◆ Material for this exercise:
--- --- ---

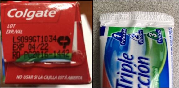 Además, se identificó otro lote falso en Costa Rica, según confirmó la empresa Colgate Palmolive, para el producto Colgate Doble Frescura de 50 ml y 75 ml. Se trata del lote L9099GT1025 con fecha de expiración 04/22 (en la caja).
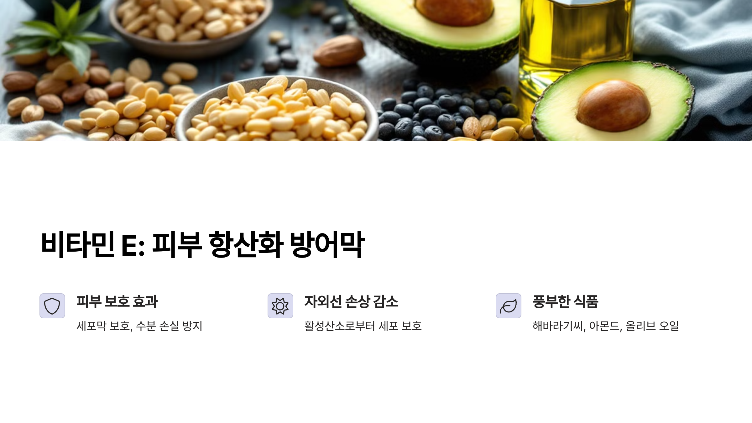 비타민 E는 지용성 비타민으로, 피부 세포막을 보호하고 수분 손실을 방지해줘요. 특히 자외선으로 인한 손상을 줄여주는 효과가 탁월하죠. 거기다 피부 노화의 주범인 활성산소로부터 세포를 지켜주는 슈퍼 항산화제이기도 합니다.
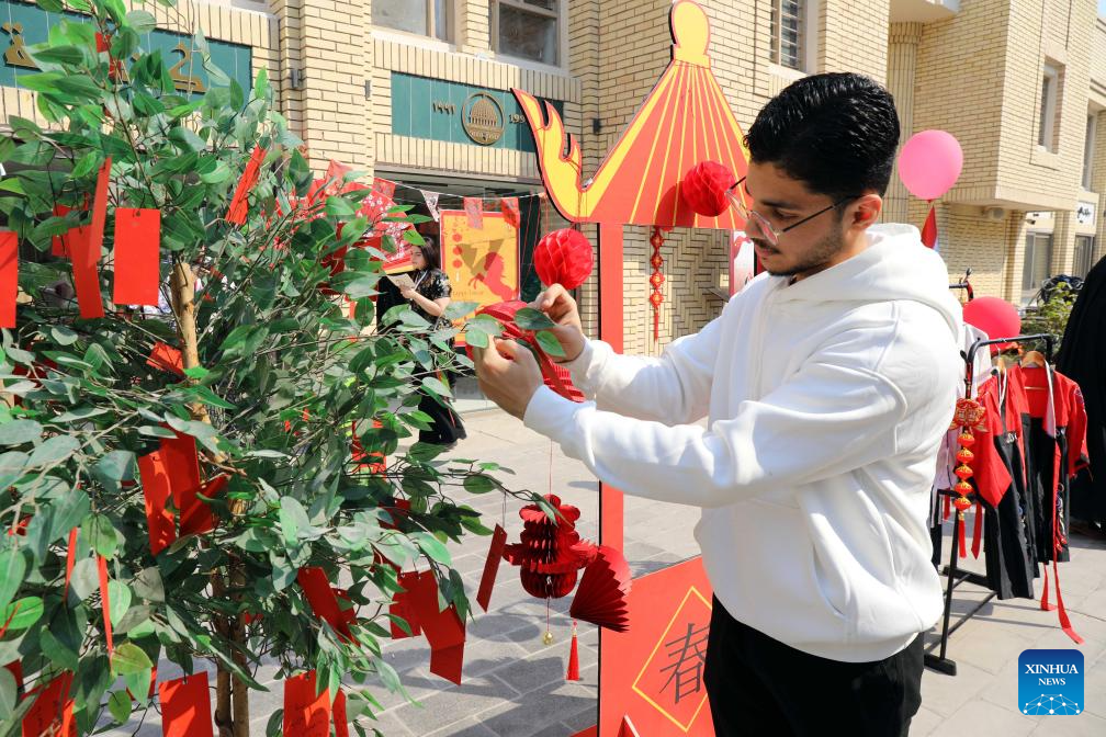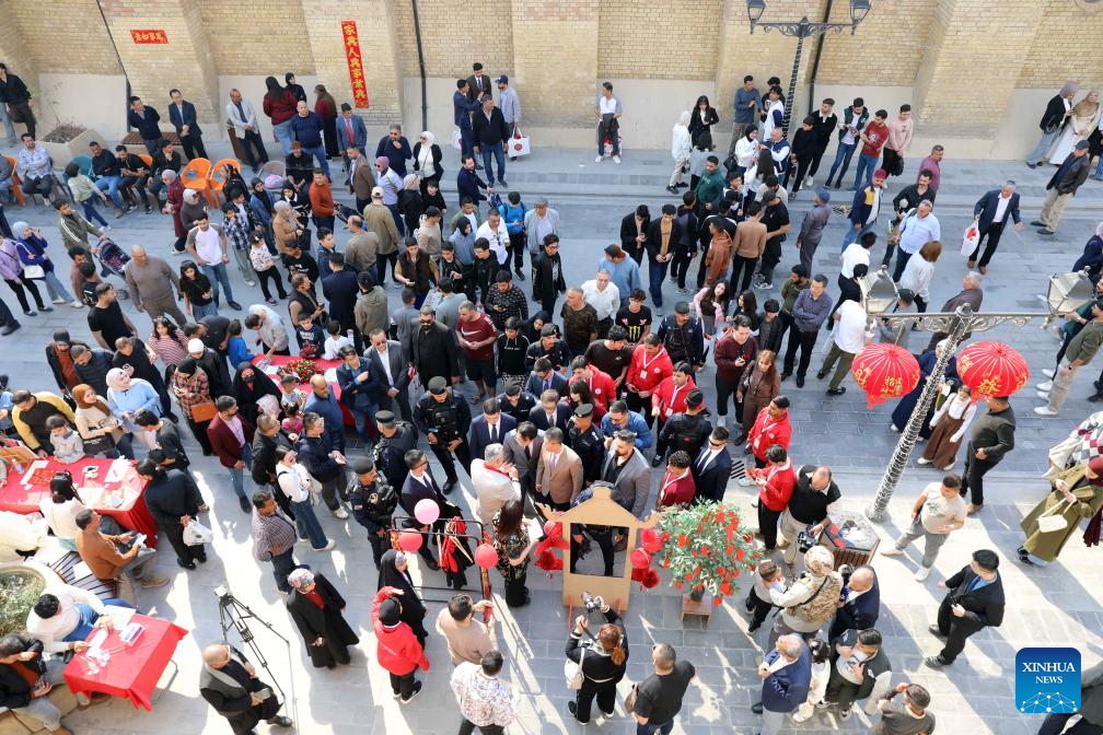 People participate in the Chinese New Year celebration on al-Mutanabbi Street in central Baghdad, Iraq, on Feb. 13, 2026. (Xinhua/Khalil Dawood)
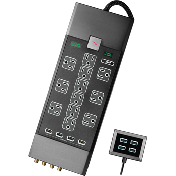 Only at Best BuyOperate your home theater system with this 12-outlet Rocketfish power center. It provides ample surge protection for premium components, and it has four onboard USB ports to charge portable devices. Connect this 9.6-amp Rocketfish power center to a distant electrical source thanks to its 6-foot cord and two included 1-foot extension cables.
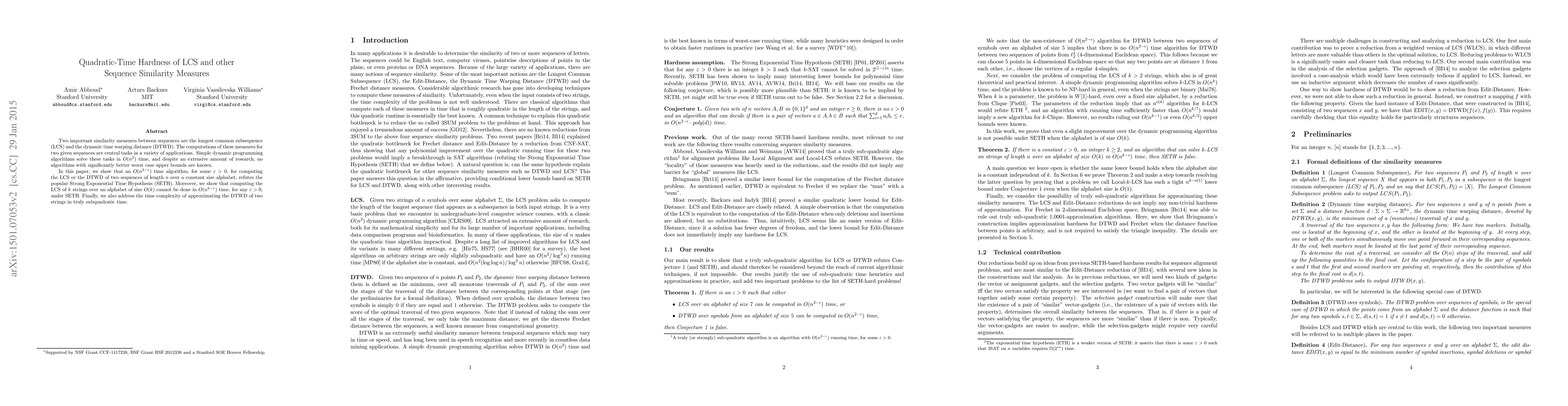 Two important similarity measures between sequences are the longest common subsequence (LCS) and the dynamic time warping distance (DTWD). The computations of these measures for two given sequences are central tasks in a variety of applications. Simple dynamic programming algorithms solve these tasks in $O(n^2)$ time, and despite an extensive amount of research, no algorithms with significantly better worst case upper bounds are known. In this paper, we show that an $O(n^{2-\epsilon})$ time algorithm, for some $\epsilon>0$, for computing the LCS or the DTWD of two sequences of length $n$ over a constant size alphabet, refutes the popular Strong Exponential Time Hypothesis (SETH). Moreover, we show that computing the LCS of $k$ strings over an alphabet of size $O(k)$ cannot be done in $O(n^{k-\epsilon})$ time, for any $\epsilon>0$, under SETH. Finally, we also address the time complexity of approximating the DTWD of two strings in truly subquadratic time.
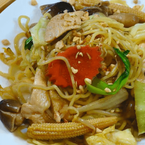 Egg noodle pan-fried, cabbage, beansprouts, onions, mushroom, celery, sesame sauce
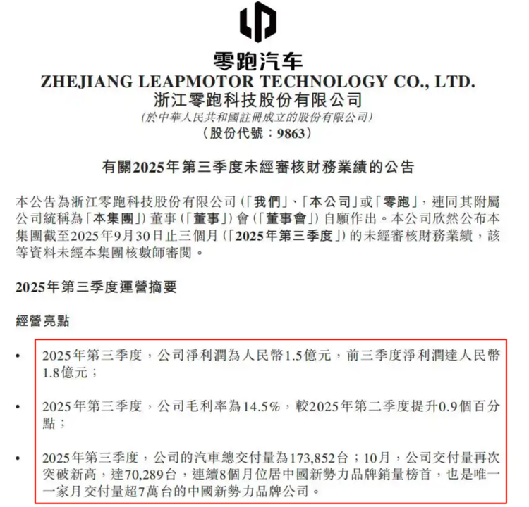 其中,零跑的成绩最为亮眼。根据零跑披露的三季报显示,报告期内,公司实现营收194.5亿元,较2024年同期的98.6亿元同比增长97.3%。同时,继2025年上半年首次实现半年度净利润转正之后,零跑在三季度实现单季度盈利1.5亿元,前三季度净利润1.8亿元。
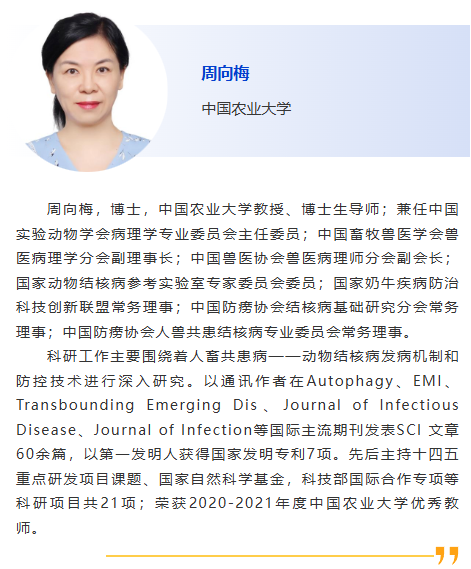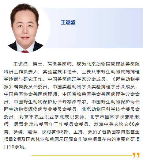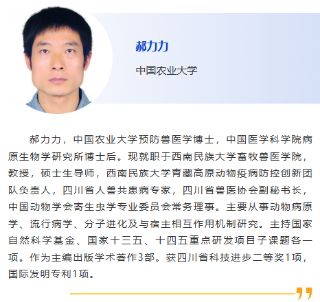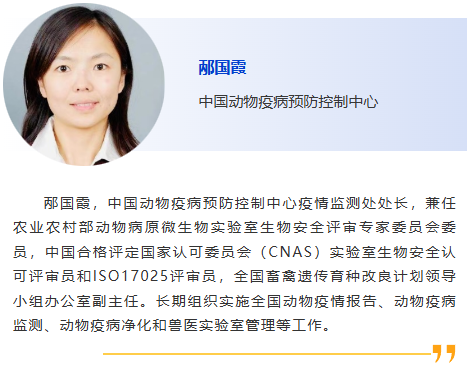 1:30pm – 我國動物疫病監測預警制度介紹,邴國霞,中國動物疫病預防控制中心 2:00pm – 人獸共患結核病流行現狀與應對措施,樊曉旭,中國動物衛生與流行病學中心 2:30pm – 贊助商報告 3:00pm – 休息 3:30pm – 跨境野生動物疫病病理學診斷,王運盛,北京動物園 4:00pm – 基于數據挖掘的牛羊布病真實年感染率的貝葉斯推斷,李樹博,遼寧省動物疫病預防控制中心 4:30pm – 中國豬群中PRRSV-1的鑒別檢測與流行演化,陳南華,揚州大學 |
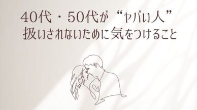 40代・50代男性がマッチングアプリでやりがちな「やばいメッセージ例」と改善法を紹介。天気の話ばかり、一言だけの返信、自己開示ゼロなど女性が一瞬で冷めるNG行動を避け、好印象を与える会話術を解説します。
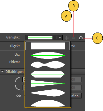 Genişlik profilini kaydet seçeneği yalnızca sahne alanında varsayılan genişlik profillerinden ayrı değişken genişlik seçildiğinde etkindir. Genişlik aracını kullanarak kendi kontur profillerinizi oluşturabilir ve kaydedebilirsiniz. Benzer şekilde, genişlik profilini sil simgesi açılır menüde özel genişlik profili seçili olduğunda etkindir. Herhangi bir özel profili silmek istiyorsanız bu seçeneği kullanabilirsiniz.
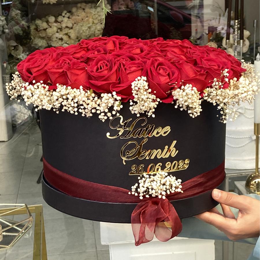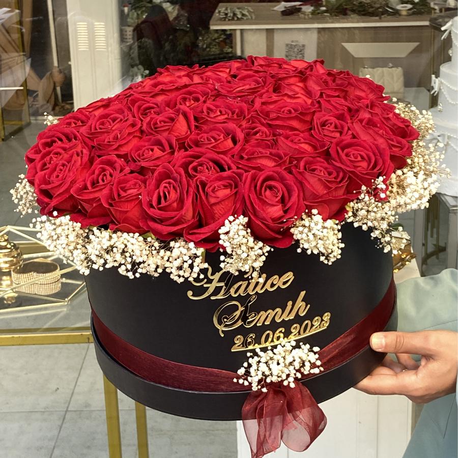 Bukette 41 adet kadife yapay gül vardır . Uzun ömürlüdür . Lütfen açıklama kısmına isim ( gelin&damat ) ve tarihinizi belirtiniz.
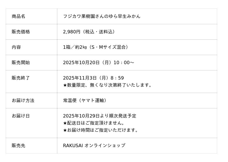 楽彩株式会社(本社:東京都足立区/代表取締役社長:大崎善保)は、今年は当たり年と言われるみかんの中から、香川県産ゆら早生みかんを厳選し、2025年10月20日(月)10:00より公式オンラインショップにて500箱限定で販売開始いたします。
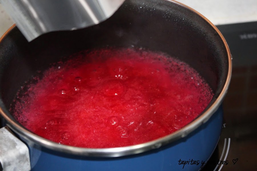 Cuando se haya cocinado unos diez minutos, añadimos las hojas de gelatina previamente hidratadas y escurridas. Removemos para que se integre bien. Echamos un poco de esta mezcla sobre el vasito donde teníamos la gelatina de fresa, pero aseguraros bien de que está cuajada. De esta parte se me pasó hacer la foto.

--- --- ---

◆ Task objective:
Starting at the line with "其中,零跑的成绩最为亮眼。根" in the entries above, write out every line exactly until the line with "40代・50代男性がマッチン" has been written. Include no pictures and nothing more.

◆ Response to this exercise:
 其中,零跑的成绩最为亮眼。根据零跑披露的三季报显示,报告期内,公司实现营收194.5亿元,较2024年同期的98.6亿元同比增长97.3%。同时,继2025年上半年首次实现半年度净利润转正之后,零跑在三季度实现单季度盈利1.5亿元,前三季度净利润1.8亿元。
 1:30pm – 我國動物疫病監測預警制度介紹,邴國霞,中國動物疫病預防控制中心 2:00pm – 人獸共患結核病流行現狀與應對措施,樊曉旭,中國動物衛生與流行病學中心 2:30pm – 贊助商報告 3:00pm – 休息 3:30pm – 跨境野生動物疫病病理學診斷,王運盛,北京動物園 4:00pm – 基于數據挖掘的牛羊布病真實年感染率的貝葉斯推斷,李樹博,遼寧省動物疫病預防控制中心 4:30pm – 中國豬群中PRRSV-1的鑒別檢測與流行演化,陳南華,揚州大學 |
 40代・50代男性がマッチングアプリでやりがちな「やばいメッセージ例」と改善法を紹介。天気の話ばかり、一言だけの返信、自己開示ゼロなど女性が一瞬で冷めるNG行動を避け、好印象を与える会話術を解説します。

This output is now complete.